Einer der Gewinner ist das Unep, das Umweltprogramm der Vereinten Nationen. Es bekommt mehr Geld und auch mehr Macht – zumindest etwas. Bislang ist nur ein kleiner Teil seiner Finanzierung fest und planbar, es überwiegen verschiedene Zuwendungen, die aber stark schwanken können. In Zukunft soll der Anteil der planbaren Finanzierung steigen – eine feste Vereinbarung samt Betrag fehlt aber.

Messung von Wohlstand

„Das UN-Umweltprogramm kann nun eine stärkere Präsenz in den Ländern aufbauen und dafür sorgen, die Umweltpolitik zu stärken“, sagt Martin Kaiser von Greenpeace.
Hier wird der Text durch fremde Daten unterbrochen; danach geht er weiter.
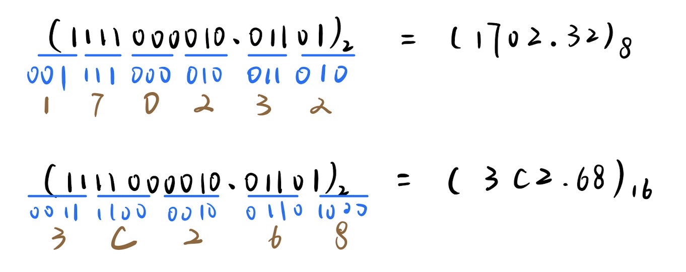 - 二进制$\rightarrow$八进制或十六进制

Dazu zähle beispielsweise, in Ländern, in denen es um den Aufbau einer funktionierenden Energieversorgung gehe, direkt auf erneuerbare Energien zu setzen. Zur vollwertigen Organisation, wie es sich einige gewünscht haben, ist das Unep aber nicht geworden. Das heißt, dass innerhalb der Vereinten Nationen auch in Zukunft Umweltinteressen hinter anderen Interessen stehen.

Auch für die Messung von Wohlstand stehen Veränderungen an. Bislang gilt das Bruttoinlandsprodukt, das den Wert aller innerhalb eines Jahres produzierten Waren und Dienstleistungen beziffert, als Maß aller Dinge: Steigt es, ist alles gut, fällt es, muss dringend die Wirtschaft angekurbelt werden.

Das soll sich ändern. „Es ist das erste Mal international anerkannt worden, dass das Bruttosozialprodukt als Wohlstandsindikator nicht ausreicht“, sagte Bals von Germanwatch. Denn entscheidende Faktoren kann es gar nicht messen: den Zustand der Umwelt beispielsweise, das Vorhandensein sauberen Wassers oder fruchtbarer Böden, die Zufriedenheit der Bevölkerung. Hier gilt aber, wie bei so vielen der in Rio verhandelten Punkte: Wann und ob aus der Übereinkunft auch eine Veränderung folgt, ist unklar.

Alles ungewiss

Schlecht sieht es für die Zukunft der Meere aus. Eigentlich wollten die Verhandlungspartner sich darüber klarwerden, wie sie ein schon früher beschlossenes Programm umsetzen wollen – das haben sie vertagt. Wer welche Maßnahmen umsetzen soll, wie viel Geld es wofür gibt, welche Akteure man braucht, all das ist ungewiss. Für Kaiser von Greenpeace ein enttäuschendes Ergebnis: „Der Schutz der Hohen See wurde vor zwanzig Jahren überhaupt nicht geregelt, und jetzt werden die internationalen Gewässer weiter geplündert.“ Gleichzeitig gibt es, ebenfalls mangels Einigung, weiter Subventionen für fossile Energieträger.

Auf globaler Ebene haben die Staaten also versagt. In Zukunft wird es daher wohl mehr Zusammenarbeit auf niedrigerer Ebene geben: Staaten mit ähnlichen Interessen schließen sich zusammen, bringen ein Thema vor, schaffen Fakten und zeigen, was möglich ist. Gerade in Bereichen, in denen auch einzelne Staaten etwas erreichen können, bei der sogenannten Green Economy etwa, einer nachhaltigen Wirtschaft, ist das denkbar. Denn anders als bei der Bekämpfung des Klimawandels machen sich Anstrengungen dort auch dann bemerkbar, wenn nicht alle an einem Strang ziehen.

In Rio haben sie dafür ein neues Wort gefunden: die Vorreitergruppen. Sie sind eigentlich eine Reaktion auf das Unvermögen, sich in zahlreichen Punkten auf konkrete Ziele zu einigen. Deutschland könnte beispielsweise eine Vorreitergruppe zur Energiewende initiieren. Doch die Kehrseite bleibt: Ohne Vorreiter keine Veränderung.